++++ Materials provided
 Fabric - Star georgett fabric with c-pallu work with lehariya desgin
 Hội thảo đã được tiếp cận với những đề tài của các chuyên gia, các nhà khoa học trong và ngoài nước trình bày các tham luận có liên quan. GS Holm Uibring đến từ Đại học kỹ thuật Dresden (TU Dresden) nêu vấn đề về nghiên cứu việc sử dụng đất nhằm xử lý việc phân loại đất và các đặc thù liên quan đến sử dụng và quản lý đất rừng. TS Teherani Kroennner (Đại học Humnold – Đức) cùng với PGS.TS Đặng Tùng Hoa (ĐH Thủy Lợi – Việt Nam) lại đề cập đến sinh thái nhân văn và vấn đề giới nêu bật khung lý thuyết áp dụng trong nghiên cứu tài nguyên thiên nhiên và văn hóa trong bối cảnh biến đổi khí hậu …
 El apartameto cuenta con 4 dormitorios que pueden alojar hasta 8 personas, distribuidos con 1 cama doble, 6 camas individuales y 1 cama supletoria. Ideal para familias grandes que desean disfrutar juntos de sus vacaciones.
++++++++
++++ Materials provided
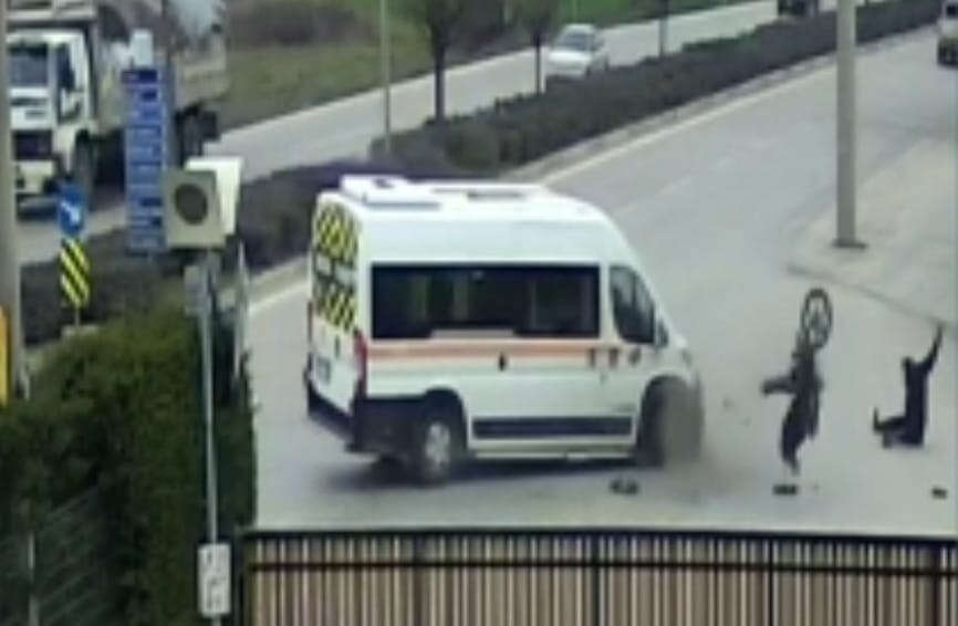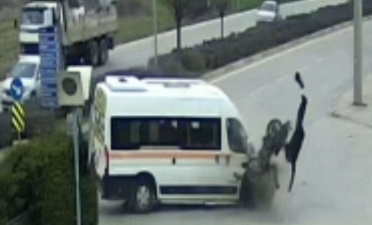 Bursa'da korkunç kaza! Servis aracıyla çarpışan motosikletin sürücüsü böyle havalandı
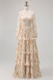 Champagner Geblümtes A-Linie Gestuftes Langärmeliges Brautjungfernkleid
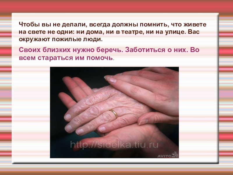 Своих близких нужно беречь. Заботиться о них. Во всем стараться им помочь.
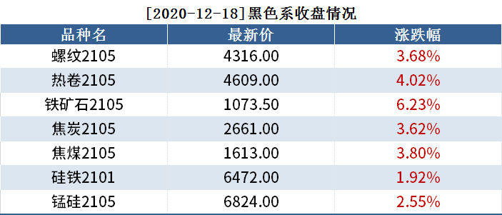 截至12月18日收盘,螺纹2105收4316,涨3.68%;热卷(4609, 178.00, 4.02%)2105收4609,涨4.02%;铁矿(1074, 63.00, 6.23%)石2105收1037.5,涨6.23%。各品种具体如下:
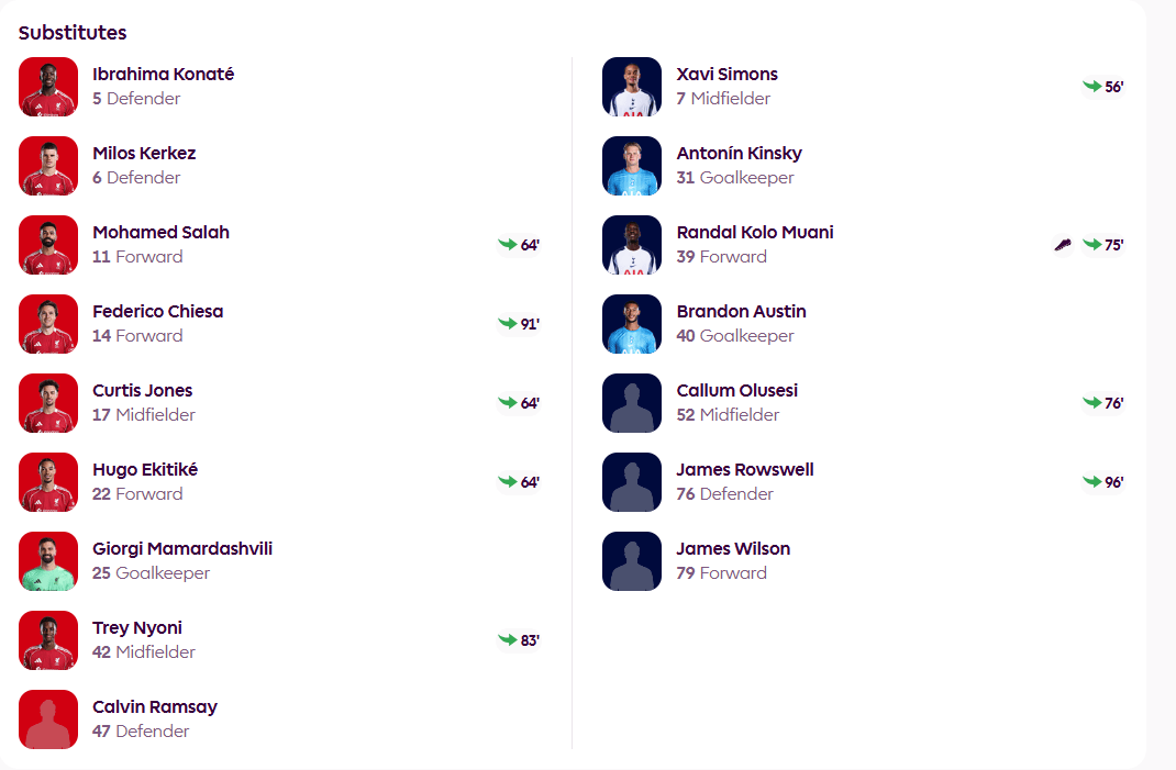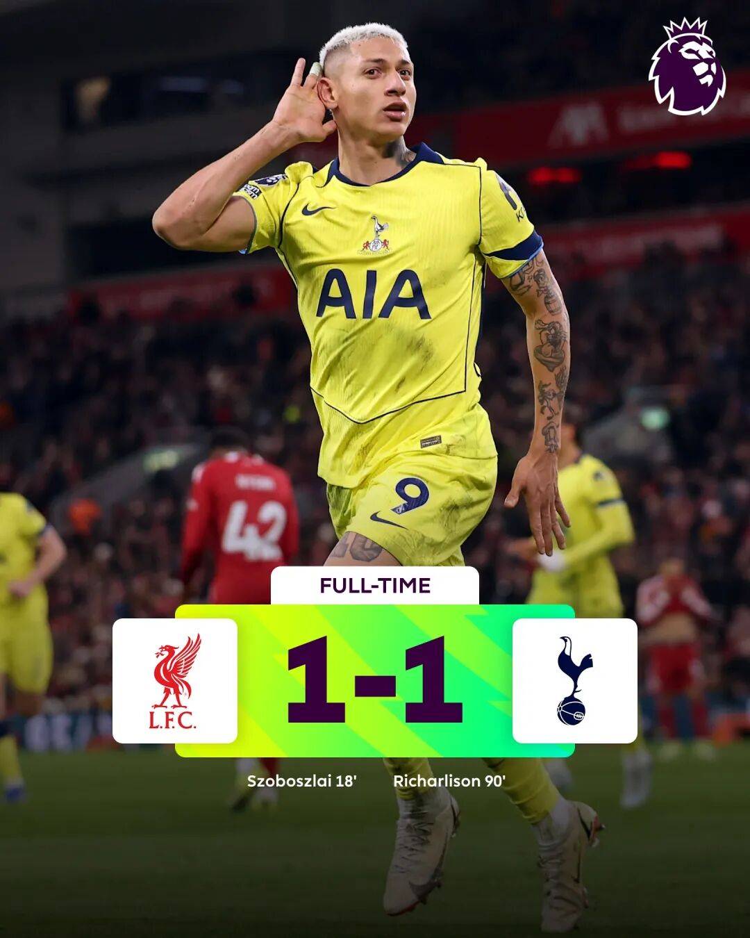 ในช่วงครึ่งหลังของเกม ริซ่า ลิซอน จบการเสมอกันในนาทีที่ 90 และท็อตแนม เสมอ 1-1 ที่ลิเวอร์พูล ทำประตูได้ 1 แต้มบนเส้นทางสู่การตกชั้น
++++++++
To do: Using the data above, transcribe the lines that run from the line with "Fabric - Star" to the line with "El apartameto cuenta", both ends kept, and output nothing else.

Task output:
 Fabric - Star georgett fabric with c-pallu work with lehariya desgin
 Hội thảo đã được tiếp cận với những đề tài của các chuyên gia, các nhà khoa học trong và ngoài nước trình bày các tham luận có liên quan. GS Holm Uibring đến từ Đại học kỹ thuật Dresden (TU Dresden) nêu vấn đề về nghiên cứu việc sử dụng đất nhằm xử lý việc phân loại đất và các đặc thù liên quan đến sử dụng và quản lý đất rừng. TS Teherani Kroennner (Đại học Humnold – Đức) cùng với PGS.TS Đặng Tùng Hoa (ĐH Thủy Lợi – Việt Nam) lại đề cập đến sinh thái nhân văn và vấn đề giới nêu bật khung lý thuyết áp dụng trong nghiên cứu tài nguyên thiên nhiên và văn hóa trong bối cảnh biến đổi khí hậu …
 El apartameto cuenta con 4 dormitorios que pueden alojar hasta 8 personas, distribuidos con 1 cama doble, 6 camas individuales y 1 cama supletoria. Ideal para familias grandes que desean disfrutar juntos de sus vacaciones.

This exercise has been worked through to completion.